Gartram’s countenance changed a little, but he kept down his anger.

“Not yet, my dear, not yet, of course. It is not natural that you should, but you will in time, and the more for feeling a bit diffident now. Come, we understand one another, and I won’t say a word to the poor boy. You will let him feel that the winter is passing, the thaw beginning. Give him a little spring first, and the summer in full swing by-and-by.”

Claude shook her head.

“It is impossible, papa, dear. I could never like Mr Glyddyr.”

“Now, my dear child, don’t make me angry by adopting that obstinate tone. You are too young yet to understand your own mind.”

“I know I could never love Mr Glyddyr sufficiently to be his wife.”

“Now, look here – ”

“Don’t be angry with me, dear. You wish me to be always frank and plain with you?”

“Of course, but – ”

“I must know about a matter like this. I do not and cannot love this man.”

“Absurd, Claude.”

“I don’t want to marry. Let me stay here with you. I can be very happy amongst the people I know, and who know me, and require my help.”

“Yes; a gang of impostors sucking my money through you.”

“No, no.

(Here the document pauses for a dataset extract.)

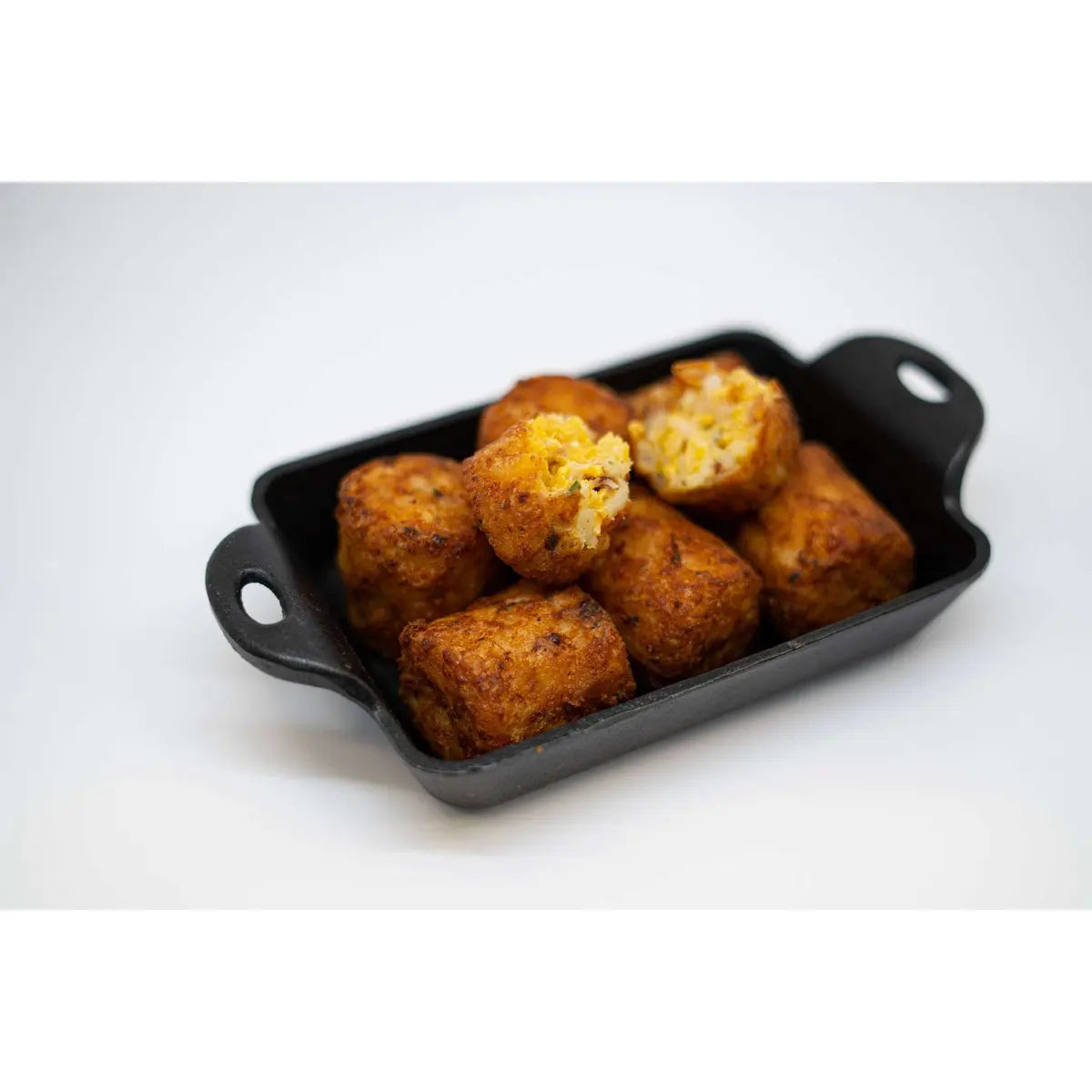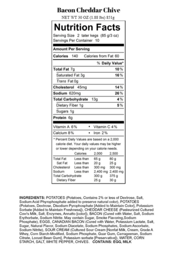 Forget everything you know about tater tots—our Tater Kegs Breakfast Skillet takes things to the next level with portions that actually satisfy. These jumbo hash brown cakes are crispy on the outside, tender within, and piled high with fluffy eggs, creamy cheddar, premium breakfast sausage, and a subtle kick of chives and black pepper. Ready whenever hunger strikes, no fancy cookware needed. It's the breakfast experience that actually lives up to the hype.

What I give is to make you loved and venerated by the poor people who are sometimes in distress.”

“Now I don’t want a lecture on the relief of the poor, my dear,” said Gartram quickly. “I want you to quietly accept my wishes. I am your father, and I know what is for your good.”

Claude was silent, for she knew by familiar signs that the tempest was about to burst.

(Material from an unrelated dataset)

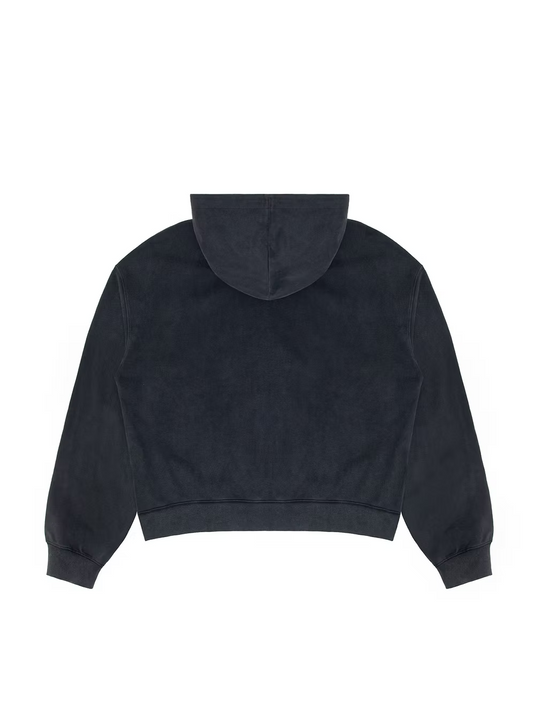 Spray Flower Zip-Up Hoodie BLACK

“Do you think I wish you to marry some penniless scoundrel, who wants to get my money to make ducks and drakes with it? There: I was getting cross, but I am not going to be. Once more, there is no hurry. Thaw by degrees. It will prove Glyddyr to you, and let you see that the poor fellow is thoroughly sincere. Come, my pet, we understand each other now? Hang it all, Claude, don’t look at me like that!”

“My dearest father,” she cried, after a moment’s hesitation, and she threw herself upon his breast and nestled to him, “are you not making a mistake?”

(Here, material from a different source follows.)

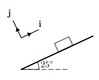 (b) Find expressions for the component forms of the three forces, in terms of the mass m (in kg) of the block and any unknown magnitude(s) where appropriate. Take the Cartesian unit vectors i and j to point parallel and perpendicular to the slope, respectively, in the directions shown in the diagram above.

“No; I am too much of a business man, my dear. I am not making a mistake, unless it is in being too easy with you, and pleading when I might command. There, I’m glad you agree with me.”

“No, no, papa; I cannot,” she said tearfully.

“Now, Claude, my darling, don’t make me angry. You know what my health is, and how, if I am crossed, it irritates me. You are my obedient child, and you agree with what I say?”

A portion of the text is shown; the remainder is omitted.